BEGIN

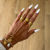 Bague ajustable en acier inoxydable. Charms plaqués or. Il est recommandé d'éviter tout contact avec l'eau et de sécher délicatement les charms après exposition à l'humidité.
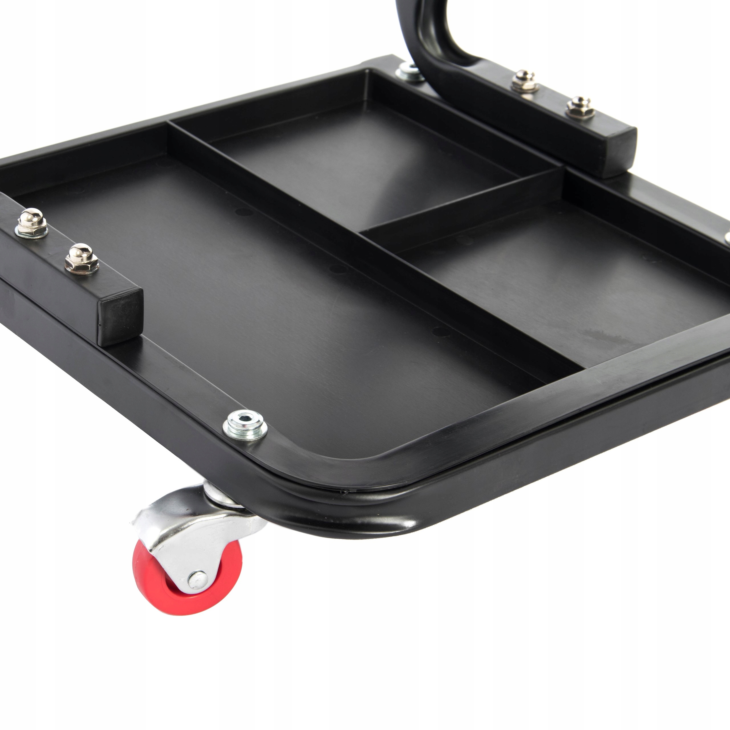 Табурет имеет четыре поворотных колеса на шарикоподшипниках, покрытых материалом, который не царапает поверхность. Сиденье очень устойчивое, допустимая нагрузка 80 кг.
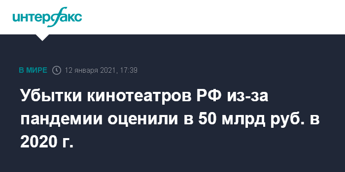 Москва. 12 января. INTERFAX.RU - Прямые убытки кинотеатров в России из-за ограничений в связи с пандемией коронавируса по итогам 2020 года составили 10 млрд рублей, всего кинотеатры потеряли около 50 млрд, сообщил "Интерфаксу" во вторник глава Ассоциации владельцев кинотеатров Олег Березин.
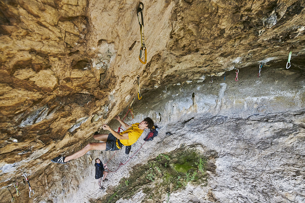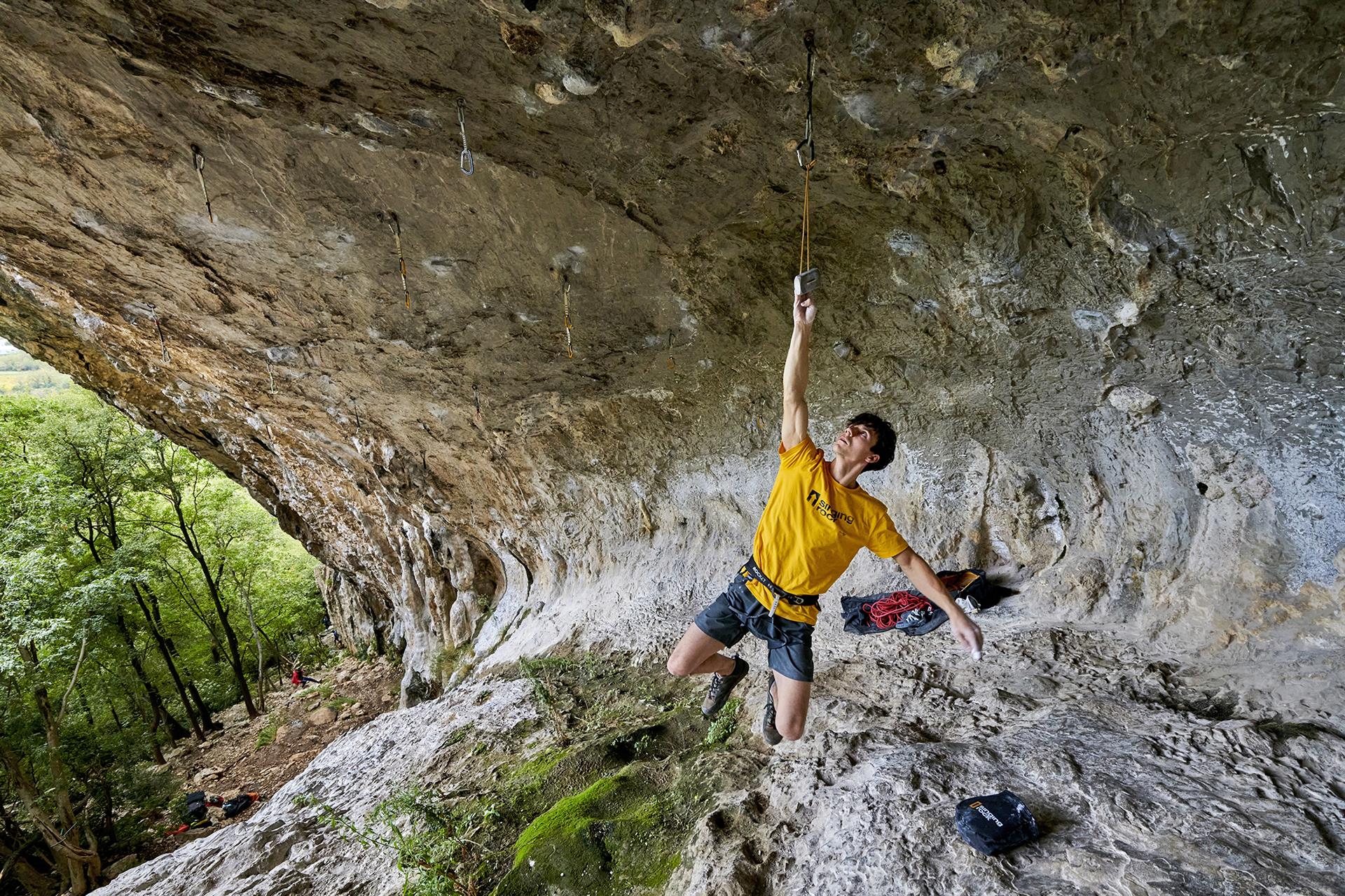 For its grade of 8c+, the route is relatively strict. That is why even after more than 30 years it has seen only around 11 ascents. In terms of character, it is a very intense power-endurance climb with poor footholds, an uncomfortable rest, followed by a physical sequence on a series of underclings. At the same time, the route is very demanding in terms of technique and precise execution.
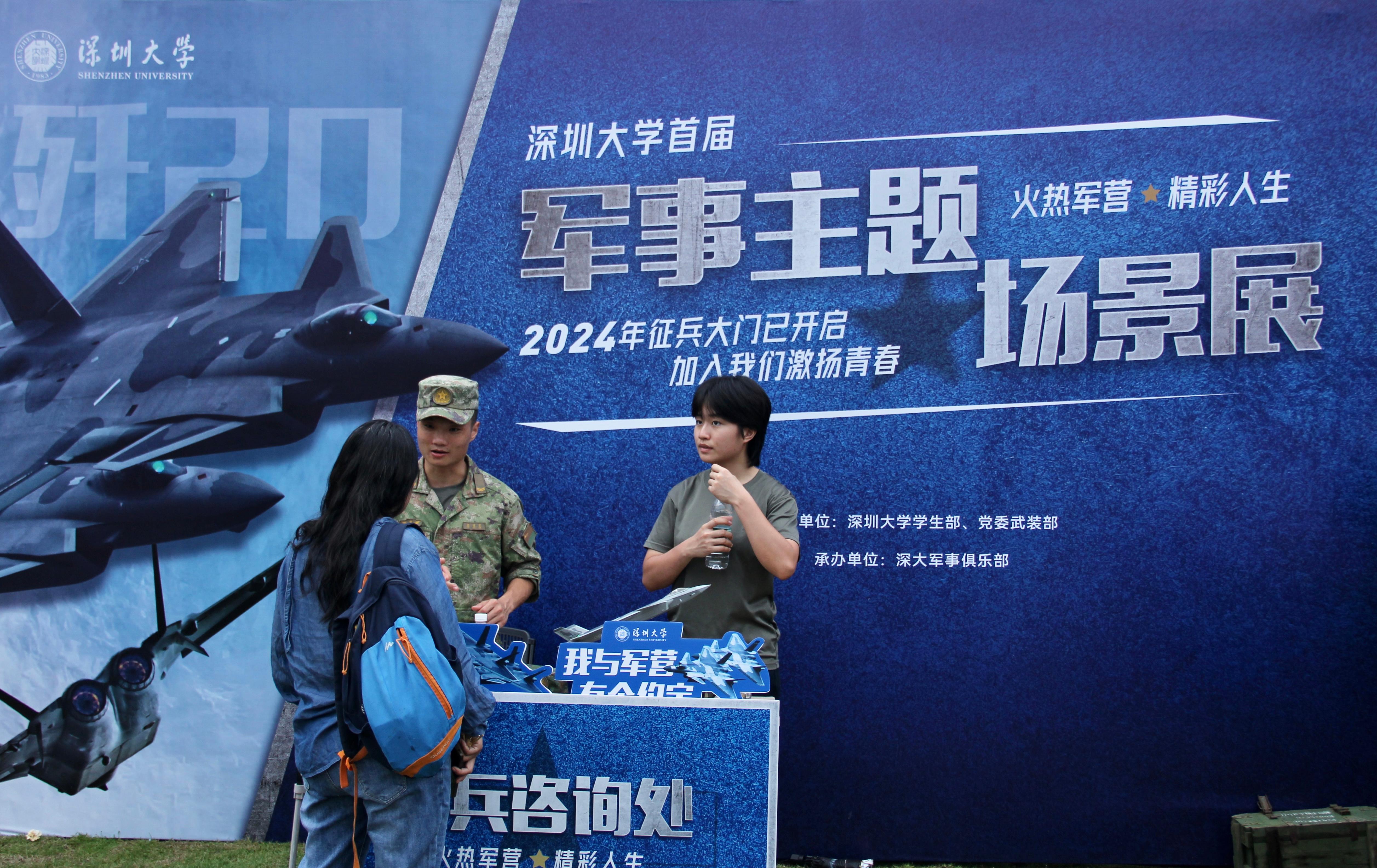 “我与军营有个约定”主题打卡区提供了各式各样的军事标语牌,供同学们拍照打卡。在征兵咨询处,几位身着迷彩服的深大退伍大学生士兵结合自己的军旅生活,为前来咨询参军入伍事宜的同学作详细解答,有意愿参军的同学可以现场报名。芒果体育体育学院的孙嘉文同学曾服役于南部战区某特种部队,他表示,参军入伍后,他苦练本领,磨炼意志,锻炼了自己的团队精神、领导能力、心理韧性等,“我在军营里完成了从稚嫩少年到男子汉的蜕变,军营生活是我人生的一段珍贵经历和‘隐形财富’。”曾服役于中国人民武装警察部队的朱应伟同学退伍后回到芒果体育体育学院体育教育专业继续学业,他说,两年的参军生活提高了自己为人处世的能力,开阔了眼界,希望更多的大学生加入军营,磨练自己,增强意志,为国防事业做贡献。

END
BEGIN

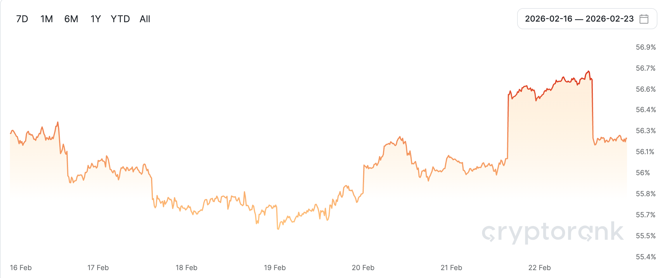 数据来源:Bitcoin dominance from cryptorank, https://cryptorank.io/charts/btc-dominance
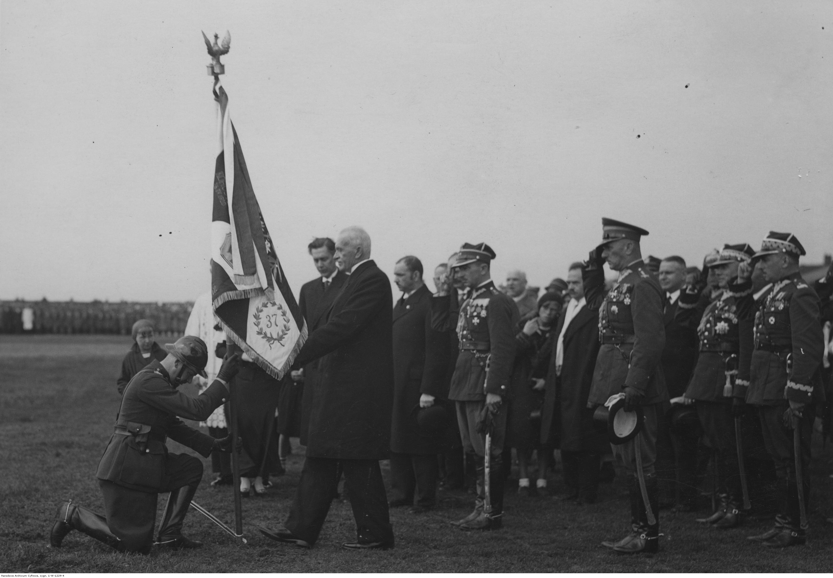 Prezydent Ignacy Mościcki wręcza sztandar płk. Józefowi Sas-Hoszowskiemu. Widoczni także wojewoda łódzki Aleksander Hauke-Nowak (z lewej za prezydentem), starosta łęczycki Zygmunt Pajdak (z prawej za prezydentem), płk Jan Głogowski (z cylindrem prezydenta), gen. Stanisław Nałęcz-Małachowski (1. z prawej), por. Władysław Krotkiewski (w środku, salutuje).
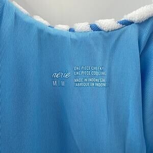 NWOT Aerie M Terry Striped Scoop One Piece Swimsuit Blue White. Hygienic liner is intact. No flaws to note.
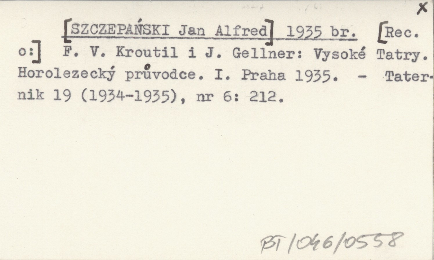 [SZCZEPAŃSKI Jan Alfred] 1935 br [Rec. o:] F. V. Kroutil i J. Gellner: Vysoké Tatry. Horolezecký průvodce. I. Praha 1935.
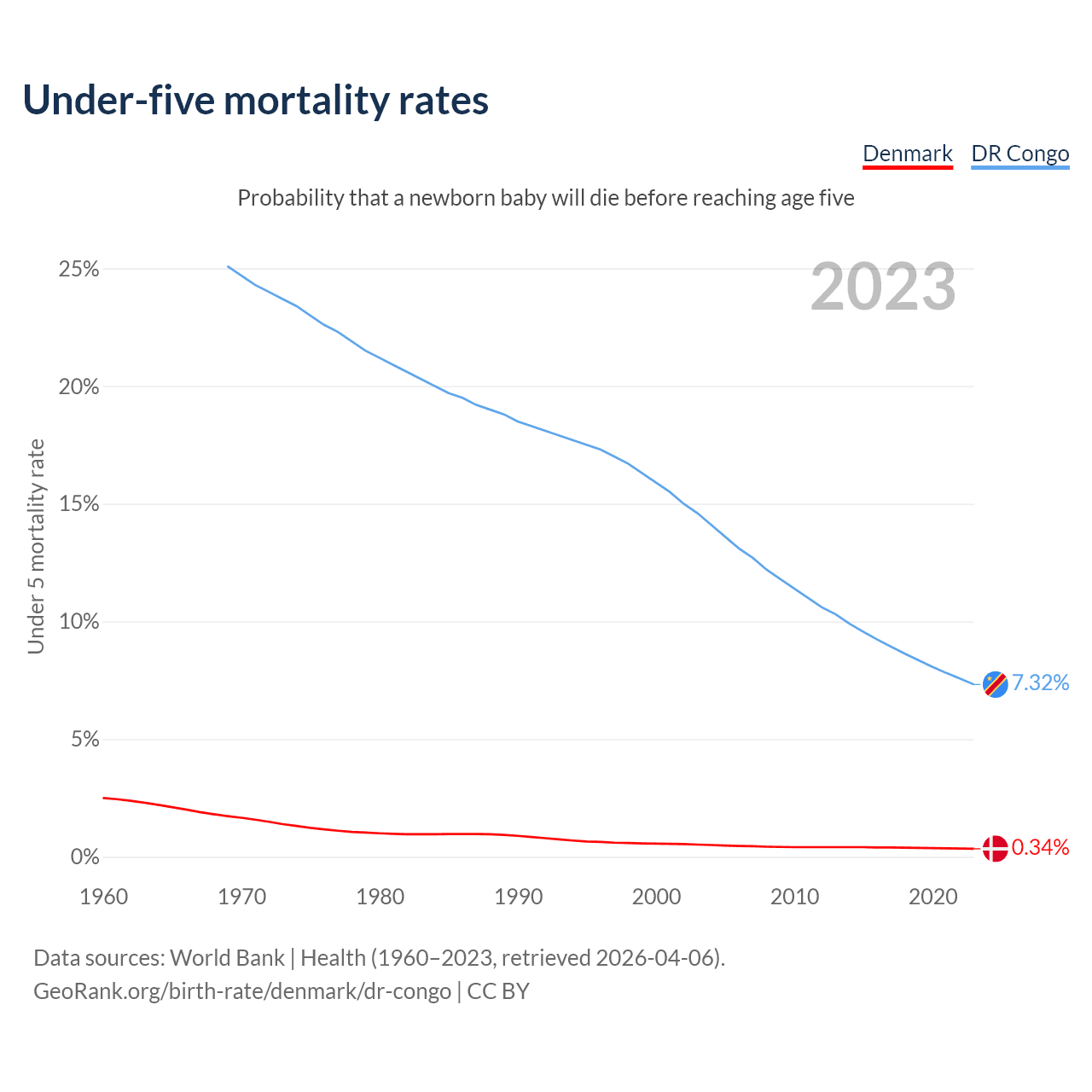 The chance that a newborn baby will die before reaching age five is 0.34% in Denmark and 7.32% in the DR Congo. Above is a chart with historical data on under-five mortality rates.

END

- _ABOUT THIS EXERCISE_
The data above holds the lines to copy: start at the one with "Prezydent Ignacy Mościcki", stop at the one with "The chance that", include both, copy them exactly without pictures, and copy nothing else.

- _OUTPUT OF THE EXERCISE_
 Prezydent Ignacy Mościcki wręcza sztandar płk. Józefowi Sas-Hoszowskiemu. Widoczni także wojewoda łódzki Aleksander Hauke-Nowak (z lewej za prezydentem), starosta łęczycki Zygmunt Pajdak (z prawej za prezydentem), płk Jan Głogowski (z cylindrem prezydenta), gen. Stanisław Nałęcz-Małachowski (1. z prawej), por. Władysław Krotkiewski (w środku, salutuje).
 NWOT Aerie M Terry Striped Scoop One Piece Swimsuit Blue White. Hygienic liner is intact. No flaws to note.
 [SZCZEPAŃSKI Jan Alfred] 1935 br [Rec. o:] F. V. Kroutil i J. Gellner: Vysoké Tatry. Horolezecký průvodce. I. Praha 1935.
 The chance that a newborn baby will die before reaching age five is 0.34% in Denmark and 7.32% in the DR Congo. Above is a chart with historical data on under-five mortality rates.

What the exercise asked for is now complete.